In real estate, the letters NOI stand for Net Operating Income. The net operating income is a number on paper 9 times out of 10. It is not an actual figure that will show up in an investor’s bank account nor is it the number that will be used for tax purposes. NOI is useful in comparing the returns of various properties and for determining if a property is financeable. Think of NOI as the return a property would generate if it was purchased for all cash and regardless of taxes and depreciation.
Actual vs. Pro Forma
NOI can be calculated on an actual basis with the actual rents and the actual expenses. NOI can also be calculated on an expected or pro forma basis based on future estimated rents and estimated expenses. NOI is calculated on an annual basis in most cases.
Start with Income
To begin the calculation of NOI begin with the annual gross rental income for the property. Gross rental income is all the expected income from the property. If the property is a NNN property this will include CAM reimbursements.
Next you will need to deduct vacancy expenses. Vacancy expenses are an estimate of the amount of time that a property will be vacant in any given year due to tenants moving or not paying their rent. Usually this is expressed as a percentage of time. A property in a desirable location may have a low vacancy factor of 5% of the time. Another property in a questionable location may have a much higher vacancy factor and may be empty for 25% of the time or more.
By multiplying the vacancy factor by the gross income you arrive at the vacancy expense. Next you subtract the vacancy expense from the gross income. This will give you the Effective Rental Income.
To the Effective Rental Income you add Other Income. Other Income is usually miscellaneous income from parking fees, laundry, billboards, etc. Now you have arrived at the Gross Operating Income.

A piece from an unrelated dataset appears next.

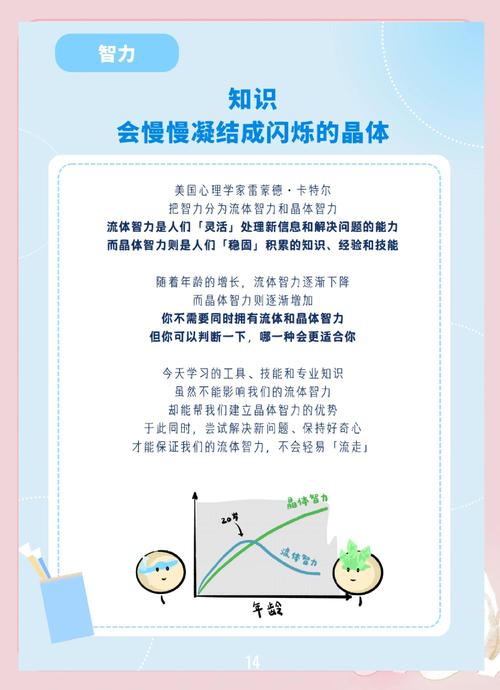 流体智力是指基本的心理过程能力,如快速反应、记忆、推理和理解复杂问题的能力;而晶体智力则是通过学习和经验获得的知识和技能。流体智力: 形象比喻:如同一个天生的智力工具箱或者一张白纸。每个人出生时都具备这种能力,但它更像是一种潜能,需要通过后天的开发和利用才能转化为实际的能力。

From the Gross Operating Income you subtract the property’s Operating Expenses to arrive at the Net Operating Income. Operating Expenses include all cash expenses paid to keep the property running at maximum efficiency. They will include property taxes, property insurance, management fees, utilities, advertising costs, accounting fees, legal fees, licenses, and other expenses.
NOI is used to calculate a properties Cap Rate (capitalization rate) for properties. NOI is also the number most lenders use to determine if a property has an adequate debt service coverage ratio (DSCR or DCR) to qualify for a loan.
NOI is a useful tool in helping investors analyze and compare investment properties.